Perjuangan Ayah yang Luar Biasa

Ilustrasi./Copyright shutterstock.com/g/sasilsolutions

Selama puluhan tahun ayahku bekerja di kios jahit kakak iparnya. Seringkali cacian dan makian diterimanya karena memang kakak ipar ayahku terkenal keras dan arogan. Pernah ayah dimarahi hanya karena terlambat datang setelah jam makan siang selesai. Padahal, ayah harus mengayuh sepeda tua dari rumahnya yang seringkali bannya gembos.  Penat dan lelah tak dihiraukannya, ia tetap semangat bekerja. Motivasi dan tekadnya kuat, yakni ingin melihat ketiga anaknya sekolah tinggi hingga bergelar sarjana.

Cobaan demi cobaan terus menghampiri. Pernah ayahku kecelakaan motor dan harus dirawat di rumah sakit selama seminggu. Kakinya patah dan tulang lututnya sobek. Ayahku menjalani operasi. Biaya rumah sakit yang besar membuat ibuku kebingungan bagaimana untuk membayarnya. Hingga akhirnya, Tuhan mendatangkan orang baik yang bersedia membiayai keseluruhan pengobatan ayahku. Alhamdulillah ayahku bisa berjalan normal kembali setelah pemulihan kurang lebih 3 bulan. Semua kebutuhan kami ditanggung orang baik tersebut. Ternyata, Tuhan Maha Adil, di balik ujian yang Ia beri, Ia pun tak melupakan hamba-hamba-Nya yang berserah.

Ayah mendidik kami dengan keras. Ia marah bila kami tak belajar dan mengaji. Pernah suatu kali ayah berpesan kepada kami, “ Ayah tidak bisa mewarisi harta. Ayah hanya bisa menyekolahkan kalian sampai sarjana. Sekolah yang tinggi, biar jadi orang. Tidak seperti Ayah yang tidak punya apa-apa." Sampai detik ini, pesan tersebut kami ingat selalu. Kami sebagai anak-anaknya selalu giat belajar. Kami tak ingin mengecewakan mereka.
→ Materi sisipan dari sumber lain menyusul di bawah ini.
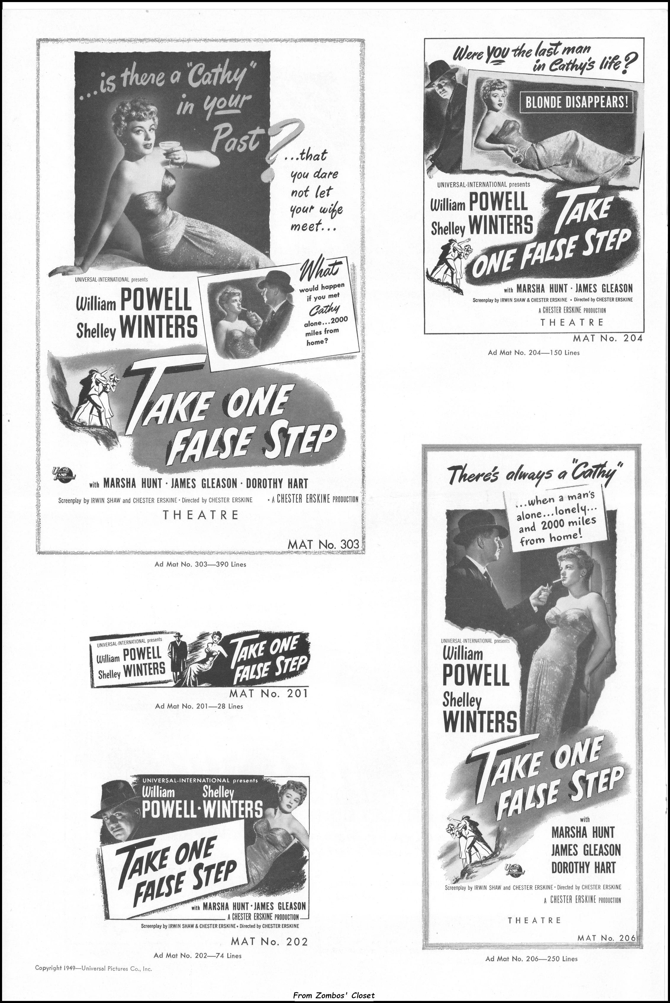 Take One False Step is not a standout for noir crime movies, but it has William Powell (of Philo Vance and Nick Charles notoriety) and Shelley Winters. She is always etched in my mind after watching the 1975 episode of Johnny Carson where she dumped her drink over Oliver Reed’s head after his misogynistic comment to her. You didn’t diss Ms. Winters, who won academy awards and played her own woman in her strong Hollywood career. Her role as the ill-fated Willa in The Night of the Hunter (one of the best noir horrors directed by Charles Laughton, his only time as director), which leads to a chilling and surreal underwater scene of her dead body tied to a Ford Model T is classic and unforgettable. One wonders what other cinematic delicacies Laughton would have provided to the screen had he continued to direct.

Kini, ayah tetap menjahit di usianya yang menginjak hampir 65 tahun. Kami sebagai anak-anaknya sudah melarangnya bekerja dan menyuruhnya beristirahat. Alhamdulilah, kami bisa membelikan rumah untuk kedua orangtua kami. Dua dari 3 anaknya menjadi abdi negara. Semua ini hasil kerja keras mereka yang tak kenal lelah dan pantang mengeluh. Tetes air mata dan keringat terbayar sudah dengan impian ayah yang sudah tercapai.

Terima kasih Ayah. Terima kasih Ibu. Tanpa kalian, apalah jadinya kami. Ikhtiar, doa dan keikhlasan hati kalian, tak pernah hilang dan menjadi pembelajaran seumur hidup kami.